然而目前采用的聚丙烯酰胺可动凝胶调堵技术仍然存在许多局限性,影响了其应用规模。主要存在以下几方面问题:一是聚丙烯酰胺多为粉剂,分散溶解困难,现场施工不方便;二是成胶时间和成胶强度不易控制,往往近井地带堵调效果好,而难于到达地层深部发挥作用;三是由于地层对聚合物和交联剂的吸附能力不同,加上地层水的稀释,使得交联体系在地层中易发生色谱分离,堵剂利用率低。针对以上问题,本文开展了乳液型聚丙烯酰胺调堵剂研究,旨在开发一种新型的调堵剂,更好地满足油田开发过程中治理“水害”的需要。

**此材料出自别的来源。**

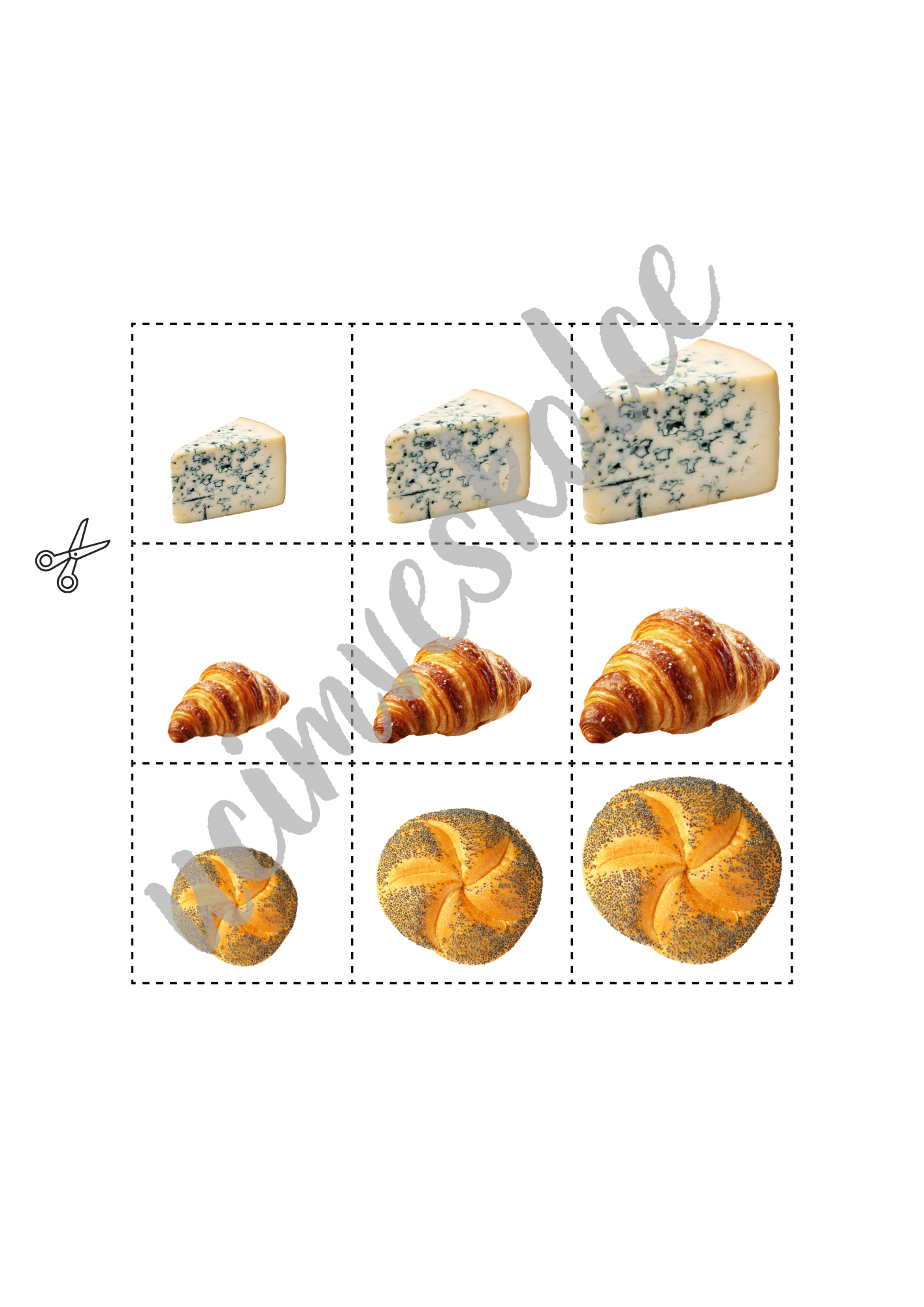 Tematický soubor "JÍDLO - řazení dle velikosti"obsahuje 10 tabulek + 90 kartiček s obrázky určených k rozvoji matematické pregramotnosti.

本文利用乳液型聚丙烯酰胺在水中易分散溶解、有效浓度高的特点,进行了乳液型聚丙烯酰胺调堵剂的研究。通过系统地开展调堵机理、乳液聚合机理、交联机理和堵剂结构设计研究,成功研制了乳液型聚丙烯酰胺-酚醛树脂凝胶调堵剂,首次将反相乳液聚合技术用于注水油田开发过程,解决了聚丙烯酰胺凝胶调剖堵水时交联时间和交联强度难以控制,现场配制不便的难题。该调堵技术是在地面将该调堵剂分散于水中,注入到地层指定位置,在地层温度和转向剂的作用下,聚丙烯酰胺反相乳液转相破乳,聚丙烯酰胺和交联剂发生交联反应形成凝胶。由于在到达指定位置前未转相破乳,聚丙烯酰胺与交联剂的比例不发生改变,交联反应得到有效控制。为了确保堵剂的应用效果,本文在以往注聚开发数学模拟分析模型的基础上,修订建立了乳液型聚丙烯酰胺调堵剂应用效果预测模型,并对现场注入方案进行了优化,较好地指导了现场应用。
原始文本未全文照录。